Notice that in both Binary2Hex() and Hex2Binary() methods I am using the ::SysReAllocStringLen() function for reallocating the output string before returning. If the BSTR argument is not already allocated on the client side, then this function is generating a wonderful crash on the client side. So what? somebody could argue, you could use the function ::SysAllocStringLen() instead, which is working fine in any situation. It is true, but if the string was already allocated on the client side, this ::SysAllocStringLen() function would generate memory leaks in the system. So in this case, for avoiding the memory leaks, the programmer should first, before calling the method, deallocate the string on the client side or he should ensure that the string is not initialized, but you cannot impose it on him, and there is no compiling or execution error if he is not doing it. Therefore I think the best solution is to use the reallocation functions on the server side and recommend to the programmer on the client side to systematically use a BSTR wrapper which is initializing the encapsulated BSTR to an empty string (or if he likes he can ensure that all the BSTR strings are allocated, which is more error prone and time consuming).

A second problem occurs when your component methods are throwing exceptions. In this case nobody is deallocating the BSTR strings allocated on the server side before exception occurring.
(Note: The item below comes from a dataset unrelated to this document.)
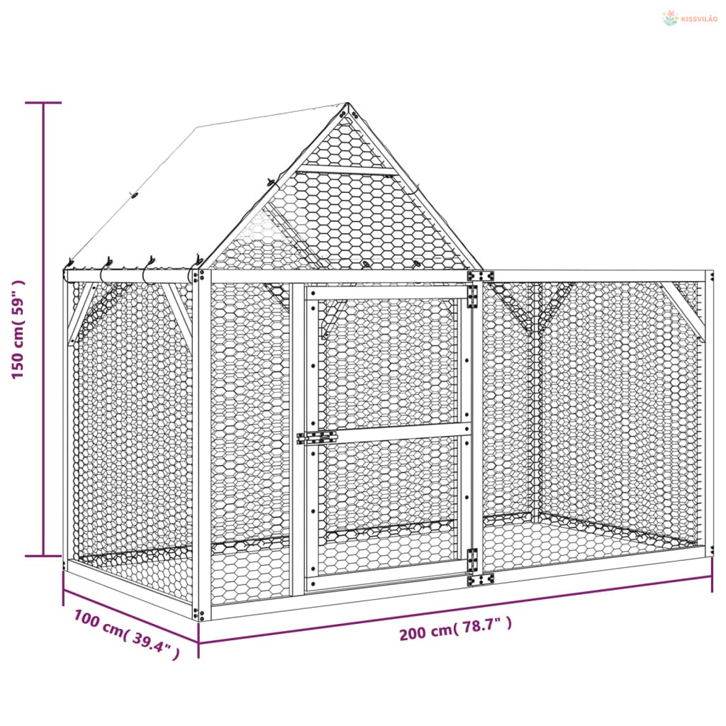 Impregnált tömör fenyőfa tyúkól 200x100x150 cm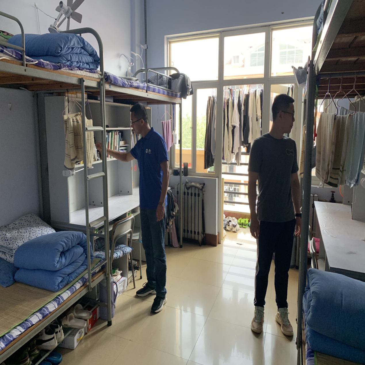 本次检查重点为管制刀具、用电安全、大功率电器、危险物品、防水、防盗以及宿舍卫生等方面,对发现的问题现场提出并予以整改。经过将近一个多小时的精心检查,发现各宿舍卫生状况普遍良好,基本做到了被褥衣物叠放整齐,地面、桌面干净整洁,用电合理、安全。仍有个别宿舍存在卫生不达标、空气质量较差等问题,检查组及时进行了批评指正,进行现场整改。

A wrapper could do it in the destructor, so this is the second reason you should use one.

Now, analysing the wrappers already existing, I couldn't find one appropriate for the tasks I was concerned with, namely managing BSTR objects containing binary data. Let's consider for example the _bstr_t wrapper.

There is no constructor for specifying the string length, for example the code:

_bstr_t _bstr(L"ABC\0DEF");
cout << _bstr.length() << endl;

will print the length as 3, i.e. it is stopping to the first 0. A second idea is to first allocate the string and then take ownership of it, like:

BSTR bstr = ::SysAllocStringLen(L"ABC\0DEF", 7);
_bstr_t _bstr(bstr, false);
cout << _bstr.length() << endl;

with the fCopy flag false. This time the length has the correct value 7, but if you just make a copy of the external BSTR, like this:

BSTR bstr = ::SysAllocStringLen(L"ABC\0DEF", 7);
_bstr_t _bstr(bstr); //fCopy=true by default

cout << _bstr.length() << endl;

you get the same wrong result, 3. It seems that there are inherent difficulties in _bstr_t to make copies of BSTR objects with binary contents.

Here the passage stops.